### SUPPLIED DATA ###

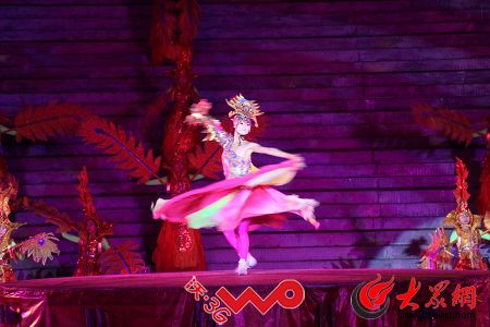 除了精彩的歌舞表演,現場的燈光也十分絢麗,激光燈的編織效果使夜色中的湖心島披上了如夢如幻的色彩。同時,燈光在舞臺上做出的微波蕩漾的藍色水面,更增加了奇妙感。
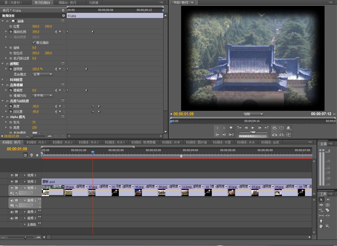 在平时的的Premiere课程学习中,我们只是依据课本的知识来一步步完成最基本的操作,为了完成作业而去学习。只是能对软件有基本的掌握,并不能熟练地去操作。在实训过程中也遇到了平时上课没有遇到过的问题,而此时也只能凭着自己去解决。在这次实训过程中,遇到的最主要问题就是素材,在找全素材之后才能制作,将视频音频以及图片导入,对图片进行时间,动画的变化等等的调整,在对声音和视频进行时间,特别是音频,利用选择工具对声音进行大小的调整,对视频的效果进行调整时,选择不同的特效效果也是大大不同的。
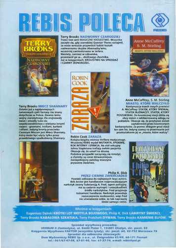 Яцек Дукай/Jacek Dukaj по обыкновению разбирается с целым циклом – на этот раз речь идет о цикле американского писателя Глена Кука «Хроники Черного отряда» (Glen Cook “Kroniki Czarnej Kompanii” (“Czarna Kompania” – это “The Black Company”, 1984; “Cień w ukryciu” – это “Shadow Linger”, 1984; “”Biala Róża” – это “The White Rose”, 1985; “Gry cienia” – это “Shadow Games”, 1989; “Srebrny grot” – это “The Silver Spine”, 1989; “Sny o stali” – это “Dreems of Steel”, 1990). Tłum. Michał Jakuszewski (I-II); Beata Jankowska-Rosadzińska (III); Jan Karłowski (IV-VI). “Rebis”, 1993-1996. Серия Fantasy”);
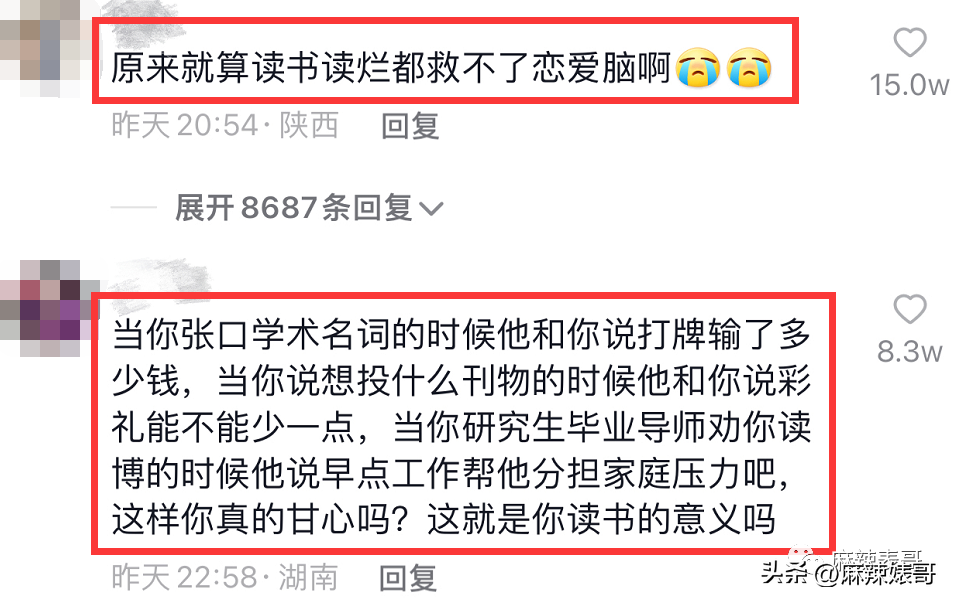 前面不是还在努力学习,考上研究生吗?咋后一秒,就嫁人生孩子去了?那你读书的意义到底在哪里?
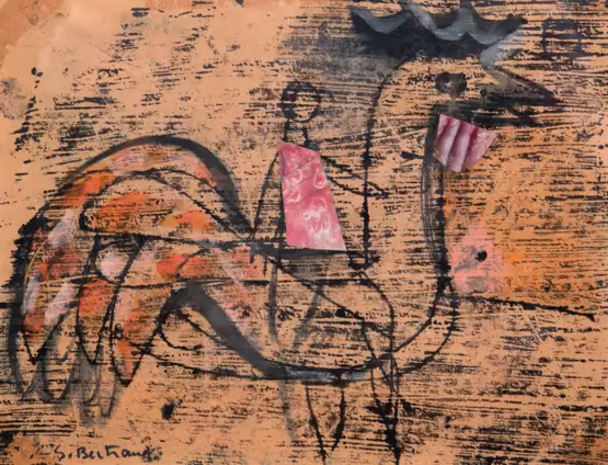 Solange, Bertrand (1913-2011, französischer Maler, Bildhauer und Kupferstecher) "Ohne Titel", Mischtechnik/ Collage, sign. u.l., 20,5x26 cm, im Passepartout hinter Glas und Rahmen
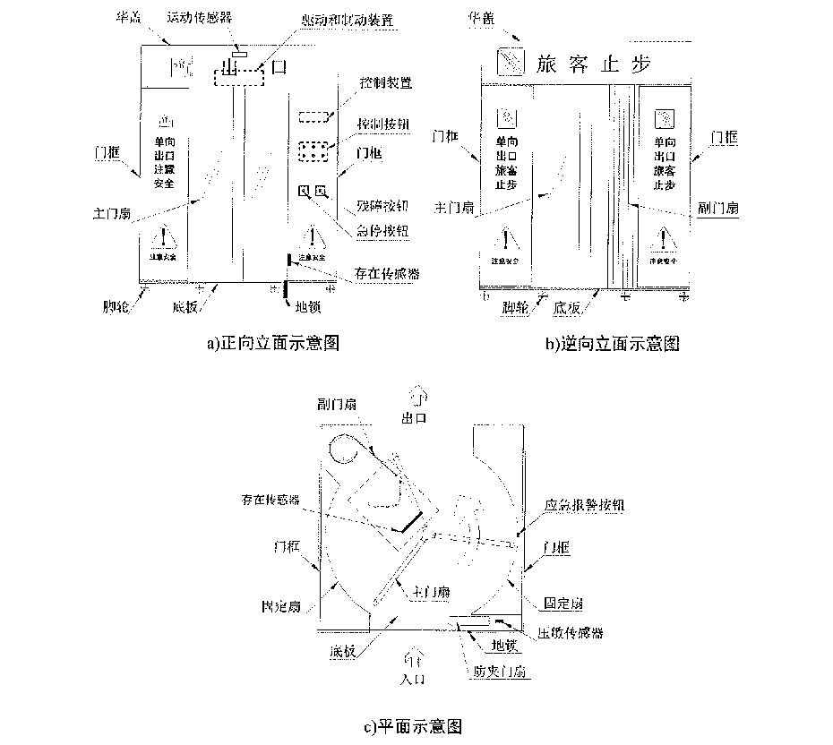 主門(mén)扇與副門(mén)扇之間的恒定間隙應(yīng)確保旅客無(wú)法逆向通行。旅客和物體試圖逆向通行時(shí)會(huì)觸發(fā)存在傳感器,主門(mén)扇立即制動(dòng),單向旋轉(zhuǎn)門(mén)停止運(yùn)行并發(fā)出警報(bào)提示。旅客和物體撤出后,單向旋轉(zhuǎn)門(mén)應(yīng)能自動(dòng)恢復(fù)正常運(yùn)行。
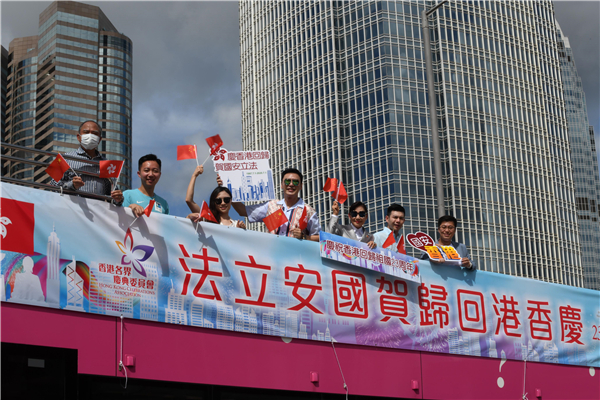 其後,多位嘉賓分別登上4輛花車巡遊香港各處,由中環出發途經上環、西環、華富至西灣河結束,每到各處都有大批市民夾道歡呼,揮舞國旗與區旗,花車不時停下來播放愛國歌曲,市民爭相上前拍照。
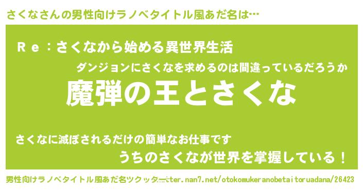 | 女子向けラノベタイトル風あだ名 | 『乙女ゲームの破滅フラグしかない悪役さくなに転生してしまった…』 |
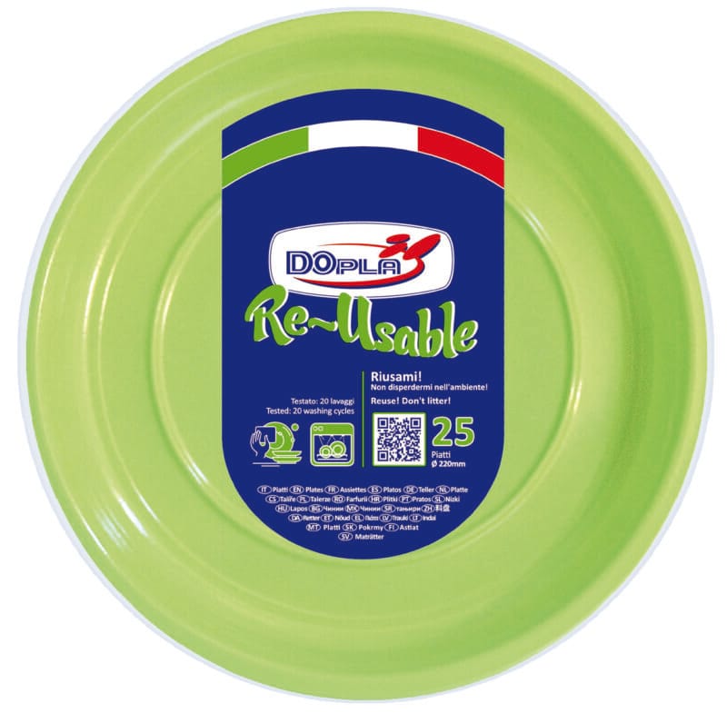 PIATTO PLASTICA RIUTILIZZABILE Ø 22CM NERO 25PZ

###

**ABOUT THIS EXERCISE**
Copy the entries character for character, excluding any pictures.

**ANSWER FOR THE TASK**
 除了精彩的歌舞表演,現場的燈光也十分絢麗,激光燈的編織效果使夜色中的湖心島披上了如夢如幻的色彩。同時,燈光在舞臺上做出的微波蕩漾的藍色水面,更增加了奇妙感。
 在平时的的Premiere课程学习中,我们只是依据课本的知识来一步步完成最基本的操作,为了完成作业而去学习。只是能对软件有基本的掌握,并不能熟练地去操作。在实训过程中也遇到了平时上课没有遇到过的问题,而此时也只能凭着自己去解决。在这次实训过程中,遇到的最主要问题就是素材,在找全素材之后才能制作,将视频音频以及图片导入,对图片进行时间,动画的变化等等的调整,在对声音和视频进行时间,特别是音频,利用选择工具对声音进行大小的调整,对视频的效果进行调整时,选择不同的特效效果也是大大不同的。
 Яцек Дукай/Jacek Dukaj по обыкновению разбирается с целым циклом – на этот раз речь идет о цикле американского писателя Глена Кука «Хроники Черного отряда» (Glen Cook “Kroniki Czarnej Kompanii” (“Czarna Kompania” – это “The Black Company”, 1984; “Cień w ukryciu” – это “Shadow Linger”, 1984; “”Biala Róża” – это “The White Rose”, 1985; “Gry cienia” – это “Shadow Games”, 1989; “Srebrny grot” – это “The Silver Spine”, 1989; “Sny o stali” – это “Dreems of Steel”, 1990). Tłum. Michał Jakuszewski (I-II); Beata Jankowska-Rosadzińska (III); Jan Karłowski (IV-VI). “Rebis”, 1993-1996. Серия Fantasy”);
 前面不是还在努力学习,考上研究生吗?咋后一秒,就嫁人生孩子去了?那你读书的意义到底在哪里?
 Solange, Bertrand (1913-2011, französischer Maler, Bildhauer und Kupferstecher) "Ohne Titel", Mischtechnik/ Collage, sign. u.l., 20,5x26 cm, im Passepartout hinter Glas und Rahmen
 主門(mén)扇與副門(mén)扇之間的恒定間隙應(yīng)確保旅客無(wú)法逆向通行。旅客和物體試圖逆向通行時(shí)會(huì)觸發(fā)存在傳感器,主門(mén)扇立即制動(dòng),單向旋轉(zhuǎn)門(mén)停止運(yùn)行并發(fā)出警報(bào)提示。旅客和物體撤出后,單向旋轉(zhuǎn)門(mén)應(yīng)能自動(dòng)恢復(fù)正常運(yùn)行。
 其後,多位嘉賓分別登上4輛花車巡遊香港各處,由中環出發途經上環、西環、華富至西灣河結束,每到各處都有大批市民夾道歡呼,揮舞國旗與區旗,花車不時停下來播放愛國歌曲,市民爭相上前拍照。
 | 女子向けラノベタイトル風あだ名 | 『乙女ゲームの破滅フラグしかない悪役さくなに転生してしまった…』 |
 PIATTO PLASTICA RIUTILIZZABILE Ø 22CM NERO 25PZ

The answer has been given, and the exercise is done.